Ах, если бы не было этой ночи! Этой и всех следующих ночей. Не может она, не может. Господи, как просто все было в семнадцать лет. Какое она имеет право обвинять мать? Смазливая девчонка из бедной семьи. Отца нет, приданого нет, и надежды сменить свое старое перелицованное пальто на модный плащ — предел ее тайных желаний — тоже нет. А кое-кто из сверстниц уже носил в ушах бриллианты, лодочки на шпильках, хвастался чернобурками, сожалея, что нельзя это все надевать в школу.

И вдруг! Золушка с окраинной улицы как в сказку попадает. Дорогие духи, отрезы, желанные лаковые лодочки и плащ. «Примите этот скромный подарок», — вежливо говорил Магеррам, ее принц, ее рыжий, уродливый карлик… Она и не разглядела его тогда, за непрекращающимся потоком подарков. Мать благодарила аллаха за ниспосланное дочери счастье. «Буду греться на старости лет у вашего очага», — мечтательно говорила Бильгеис.

Что ж ты, мама, ушла, заторопилась в свой холодный, запущенный дом, где скрипят полусгнившие ступени лестницы и за водой надо ходить к крану в соседнем дворе. Не греет, не радует и тебя мой дом. Что же ты наделала, мама! Как бы я сейчас пошла, побежала следом за тобой в наш бедный крошечный двор… Я бы погладила каждую из шести ступенек, и они бы ворчливо скрипели под моими шагами. Нет, однажды она заметила, что жених ее какой-то маленький, голова его едва доставала ей до мочки уха.
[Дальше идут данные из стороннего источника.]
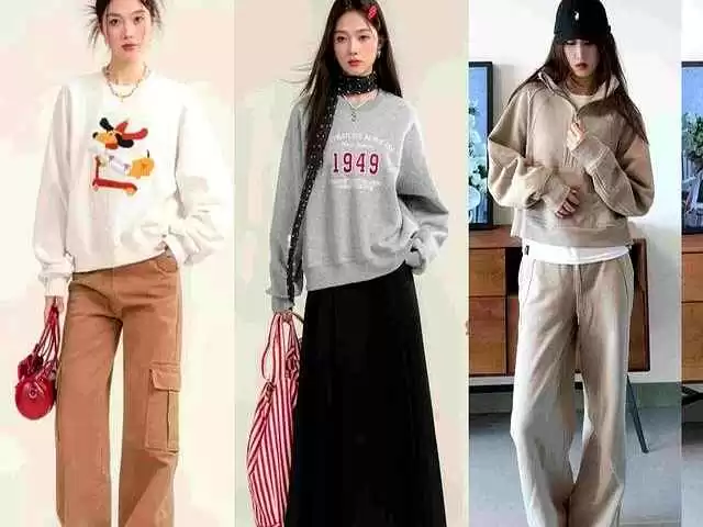 改进:卫衣搭直筒半裙或针织裙;或把卫衣当外套配连衣裙。
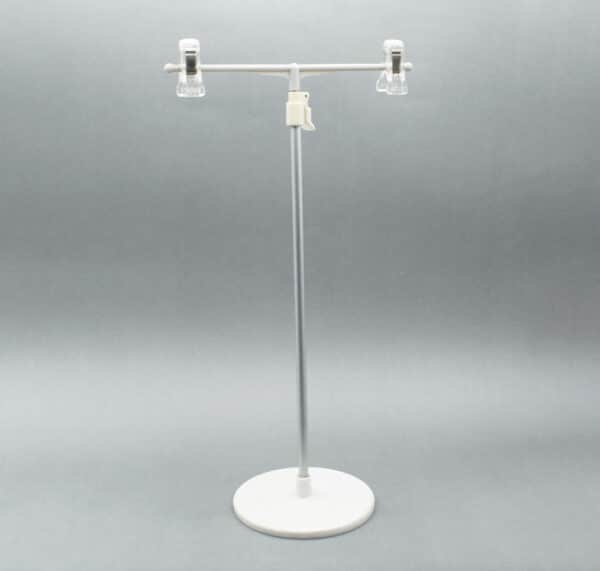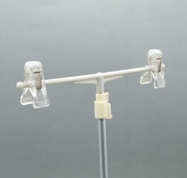 Soporte de metal con ABS. Contiene varilla superior con dos pinzas acrílicas tipo perro. A lo largo, cuenta con una varilla expandible.
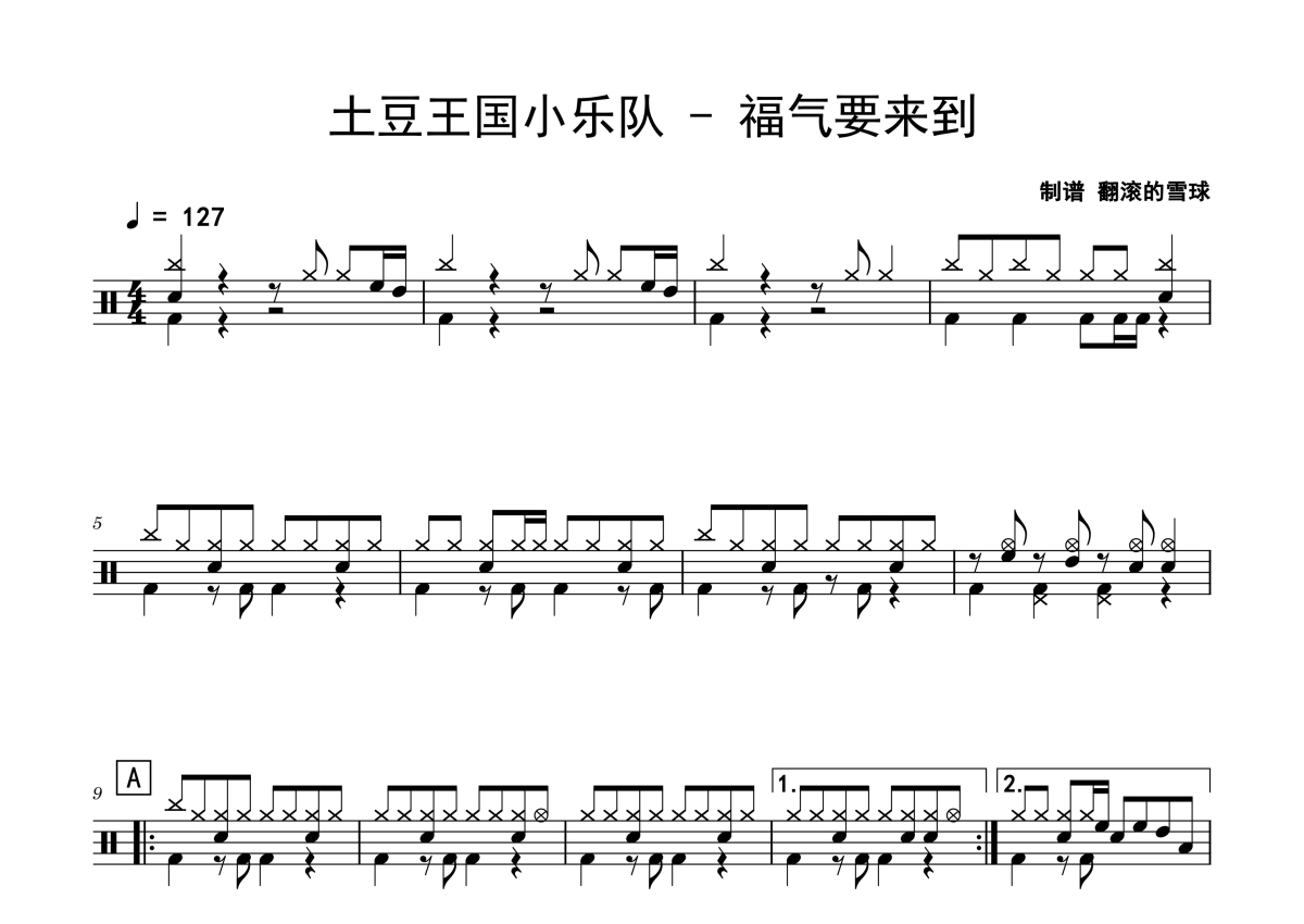 土豆王国小乐队《福气要来到》架子鼓谱
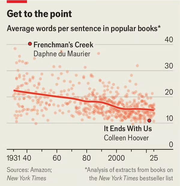 Bununla birlikte, şu anda yaşananların yeni olduğu da söylenebilir. İnsanların daha az okuması bir yana, okunan metinlerin dokusu da değişiyor. Cümleler giderek kısalıyor ve basitleşiyor. New York Times çok satanlarını inceledik ve popüler kitaplarda cümlelerin 1930’lardan bu yana neredeyse üçte bir oranında kısaldığını gördük.
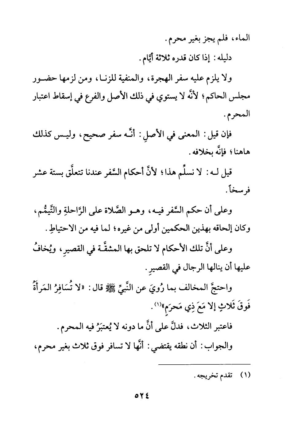 واحتج المخالف بما روي عن النبي صلى الله عليه وسلّم قال: "لا تُسافر المرأة فوق ثلاث إلا مع ذي محرم".
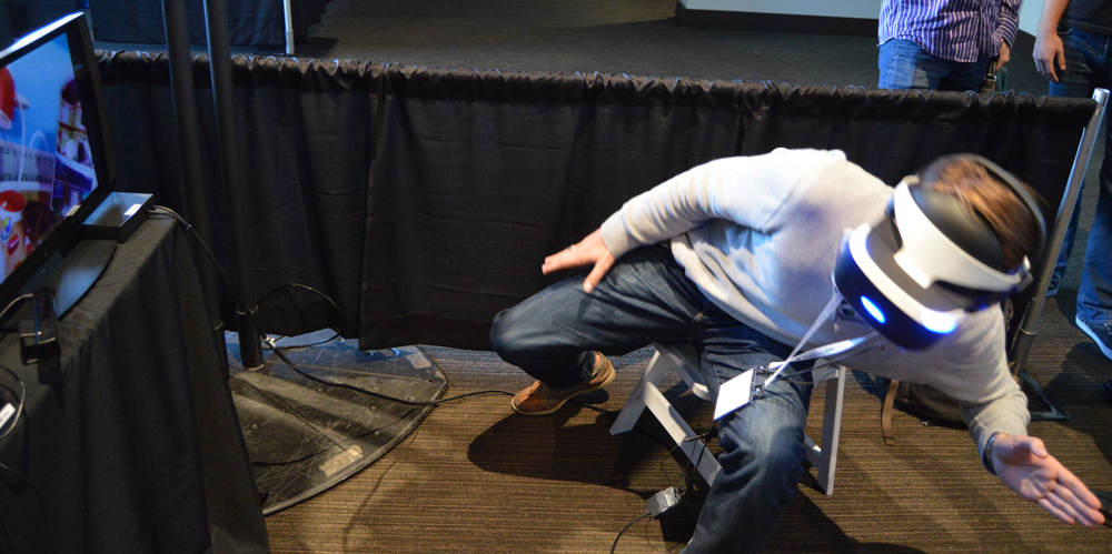 There was one last thing that I have to admit was a bit of a disappointment – localized multiplayer is probably a thing of the past, at least in the traditional sense. I asked the Sony representatives whether you would be able to play multiplayer with multiple Morphei (Morpheuses?) in the same room and I received a flat no. Apparently it just isn’t possible. They did say however that “asymmetric companion gaming” would be possible, and would likely be something we see. This means one friend could have on the Morpheus and another could be making things happen on an iPad in the scene. He then painted me an image of scaring your friend in a haunted house by triggering the scares yourself. Keep Talking and Nobody Explodes is an excellent example of another kind of localized multiplayer we are likely to see – something that takes advantage of the creative restraints to bring two people into a game.
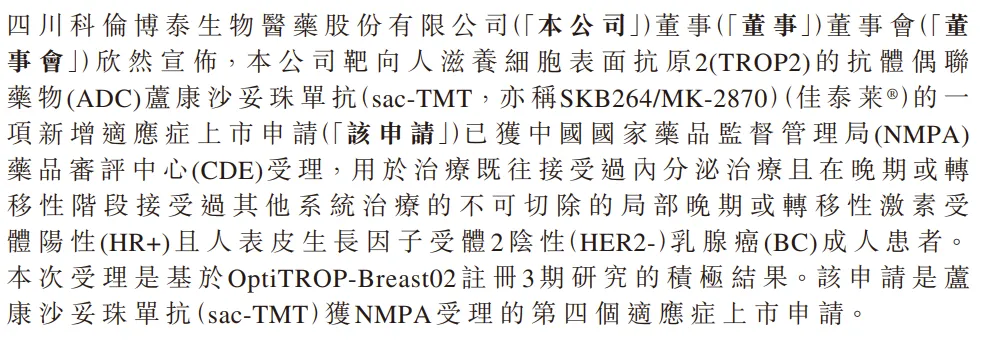 根据科伦博泰发布的公告,此次申报的适应症为既往接受过内分泌治疗且在晚期或转移性阶段接受过其他系统治疗的不可切除的局部晚期或转移性HR+/HER2-乳腺癌成人患者。
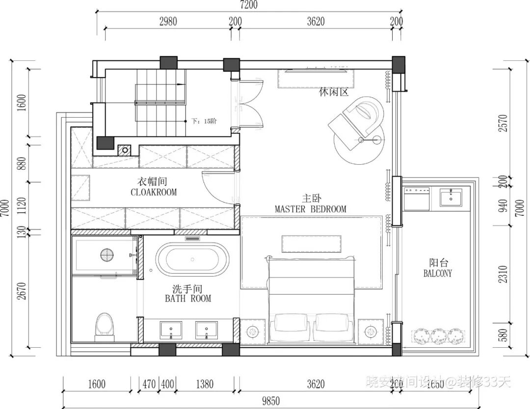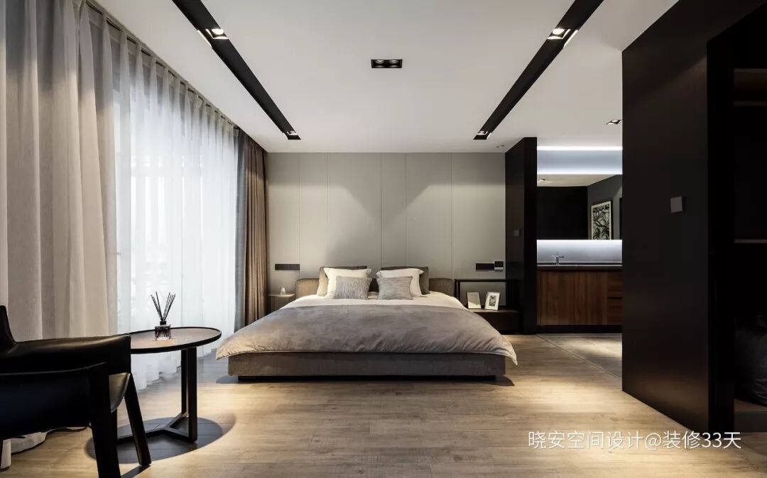 ▲ 设计师将三楼整层设计成酒店式的套间,房间里面有休闲区、睡眠区、衣帽间、卫浴间,整体采用黑白灰色系
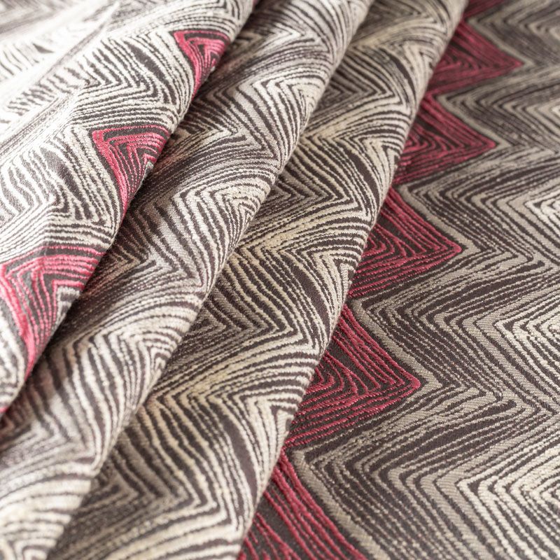 Оригинальная жаккардовая ткань с узнаваемым модным дизайном в стиле "Миссони",  прекрасно подойдет для современного интерьера. Ткань средней плотности, хорошо драпируется и держит форму. Подойдет в качестве штор для гостиной, спальни, кабинета, комнаты подростка, также можно использовать для пошива покрывала, декоративных чехлов, подушек, римской шторы.
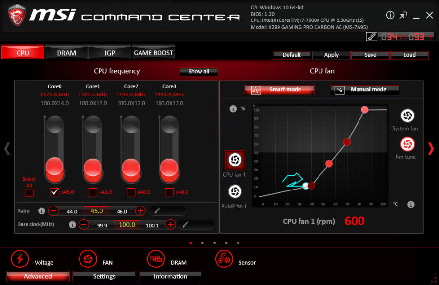 همانطور که در تصویر بالا ملاحظه میکنید امکانات این نرم افزار در 4 تب مختلف طبقه بندی شدهاند. در تب اول (CPU) قابلیت تنظیم مهمترین پارامترهای پردازنده، نظیر ضریب فرکانس هستهها، Base Clock و حتی سرعت چرخش فن فراهم شده است.
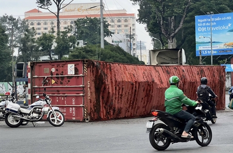 Xe container kéo rơ-moóc hàng chạy qua vòng xoay ngã 6 Cộng Hòa, TPHCM đã bị lật ngang. Tai nạn khiến giao thông khu trung tâm rối loạn.
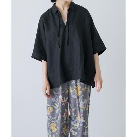 大人の日常に寄り添う着まわしトップスが届きました。リボンは結んでも垂らしても、その日の気分やシーンに合わせて印象を変えられるのがポイント。ゆとりのあるシルエットなので自然に体型カバーが叶います。生地はハリのあるしなやかな素材感のハードマンズリネンを使用。フランスのノルマンディ地方で収穫された原料を伝統的な紡績方法で紡ぎ、織り上げています。両サイドにはスリットが入っていてバランスが取りやすいデザイン。サロペットとのスタイリングもおすすめです。同素材のシリーズアイテムもぜひご覧ください。
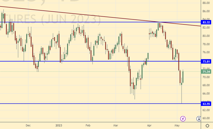 Продажа: нет. Кто в позиции от 86.50, перенесите стоп на 77.60. Цель: 66.67 долларов за баррель.
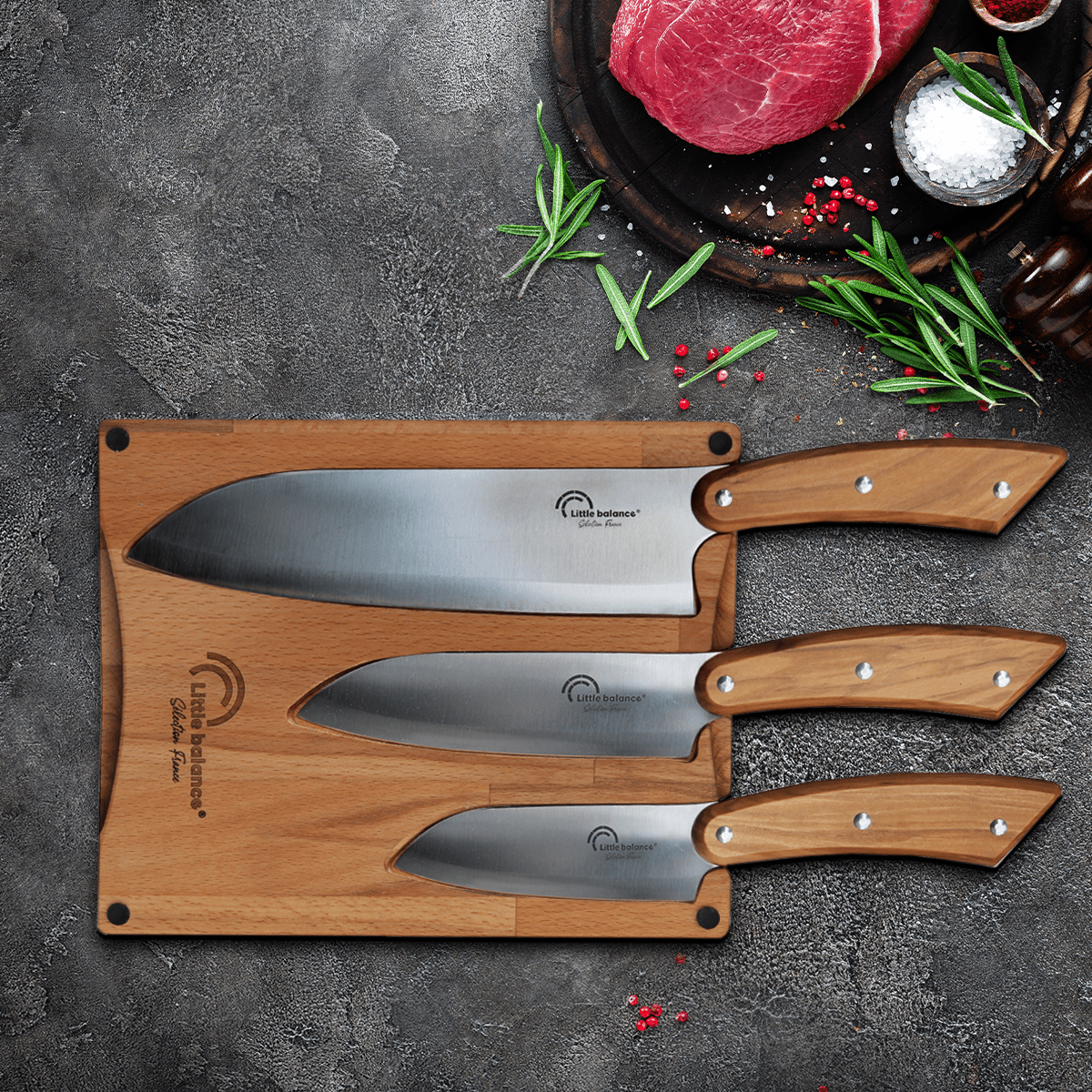 - Planche à découper en hêtre pour 2 utilisations : D'un côté, empreintes aimantées pour ranger les 3 couteaux, en toute sécurité - De l'autre côté, c'est une planche à découper
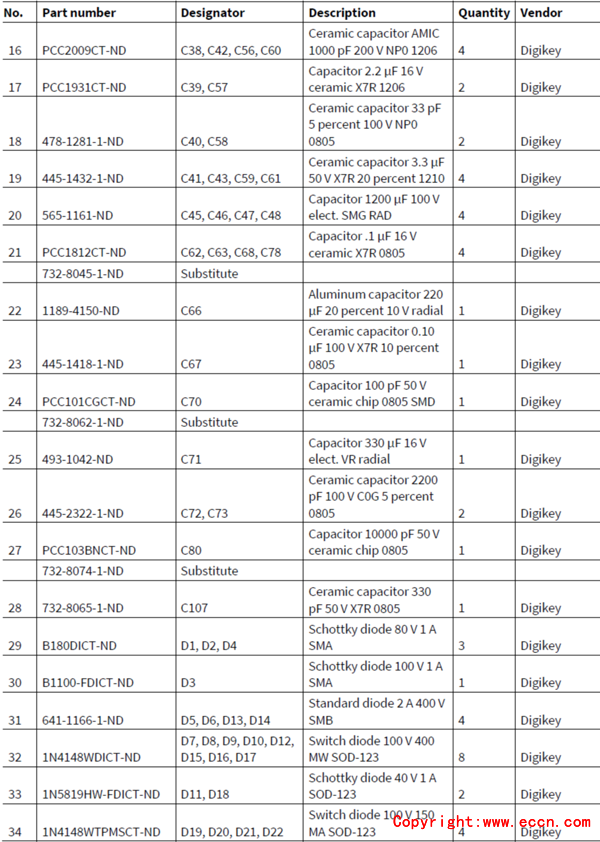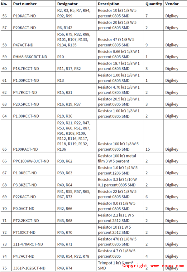 主板材料清單:
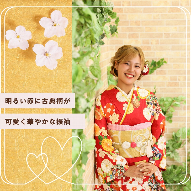 この記事では、赤の古典柄振袖を
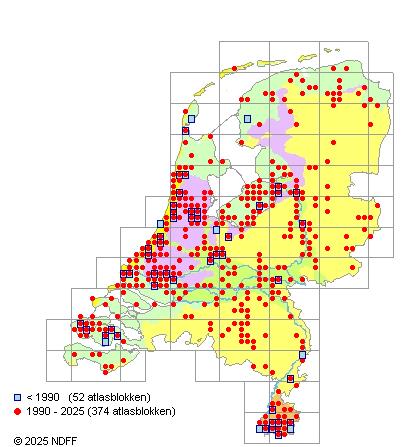 Het aantal atlasblokken (5x5 km) waarin de soort is gemeld binnen een periode van vijf jaar (vanaf 1980) of twintig jaar. Niet gecorrigeerd voor waarnemersinspanning en het aantal doorgegeven waarnemingen kan sterk variëren per periode, dus een trend in verspreiding kan hier niet direct uit worden afgelezen. Het opgegeven jaartal is het eerste jaar van de periode. Bron: gevalideerde waarnemingen uit de NDFF.
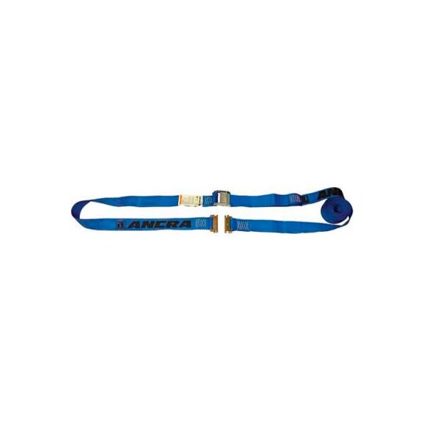 Ancra series e & a cam strap assembly 40602-19 - 20'l - spring actuated fitting 20' cam buckle strap with spring actuated e fitting for securing cargo to e or a track on the interior walls of trucks and trailers. made with 2" blue polyester webbing. blue webbing indicates 20' length for easy recognition. wll of 833 lbs.
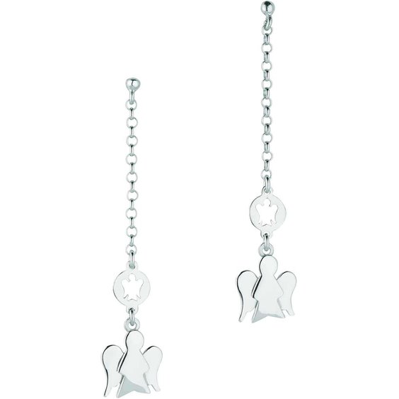 ORECCHINI IN ORO BIANCO, LUNGHEZZA CATENA 3 CM, PENDENTE ANGELO: BASE 1,3 CM E ALTEZZA 1,1 CM.
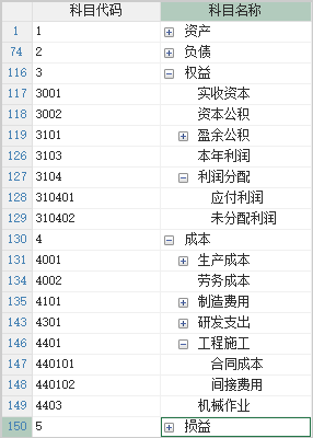 在折叠模式下,所有的行(包括分组行)都是普通的数据行,折叠模式只是按照从属关系临时调整了一下行的位置,如果某行有子行,则会在该行位置显示一个符号"+"或符号"-",用于展开或折叠子行。
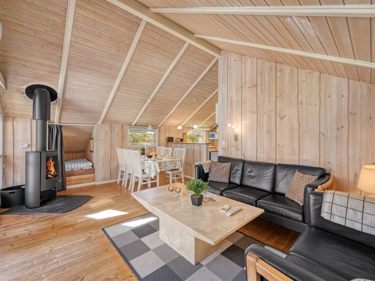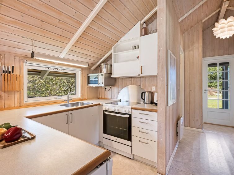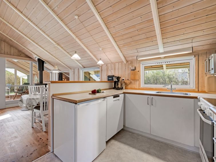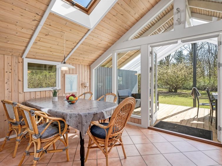 "Snefrid" - 12km from the sea in Western Jutland", 4 rom hus 76 m2. Passer for 6 voksne + 1 barn. Stue med, 1 dobbeltseng og TV. 1 rom med, 1 dobbeltseng. Studio 1 rom med med 2 senger og 1 x 2 køysenger. Kjøkken (4 kokeplater, stekeovn, oppvaskmaskin, mikrobølgeovn, frys). Dusj/WC. Terrasse 6 m2, dekt. Drivhus. Fasiliteter: høy barnestol barneseng (ekstra). Internett (trådløs LAN [WLAN]). Vennligst merk: røykfri bolig. Max kjæledyr / hund tillatt 1 kjæledyr / hund tillatt.
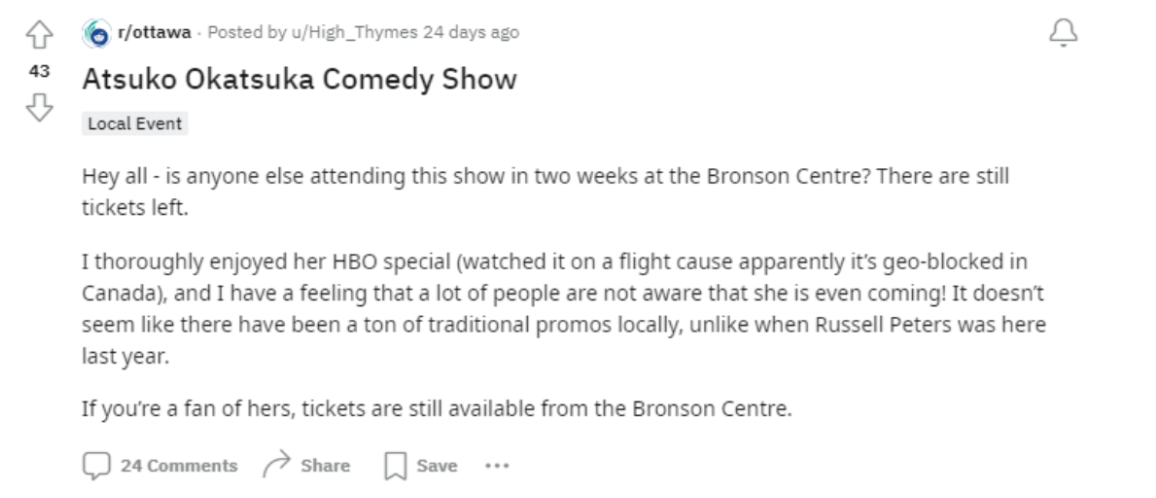 “My friends and I know her really well, and there were still a lot of tickets left with less than two weeks before the show,” said Nguyen, adding that Okatsuka’s show sold out nearly everywhere else in the world, but wasn’t aired in Canada due to licensing challenges. “The first thing I did was post on Reddit.”
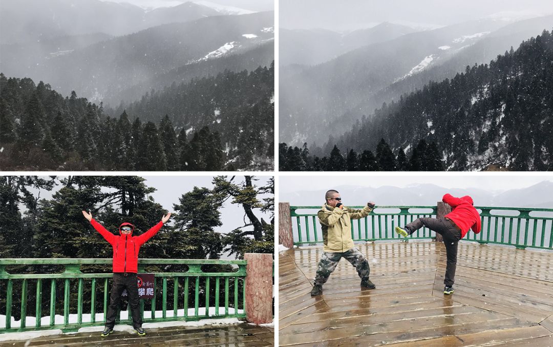 两侧青山由低往高分别由灌木丛、茂密的云杉和松树组成。雪山在云雾中若隐若现,让人忘了困倦,忘了疲惫,无比兴奋。

И спина ей показалась странной… «Мама, он что, горбатый?!» — «Нет, доченька, это оттого, что неправильно в свое время за партой сидел. Душа, душа золотая у него».

Золотая душа, золотой туман, массивная золотая цепочка с кулоном, на котором переплеталась бриллиантовая вязь их инициалов «Г» и «М»… К ее услугам была легковая машина, ее возили по модным портнихам, ювелирам, сапожникам, скорнякам. Это было так увлекательно!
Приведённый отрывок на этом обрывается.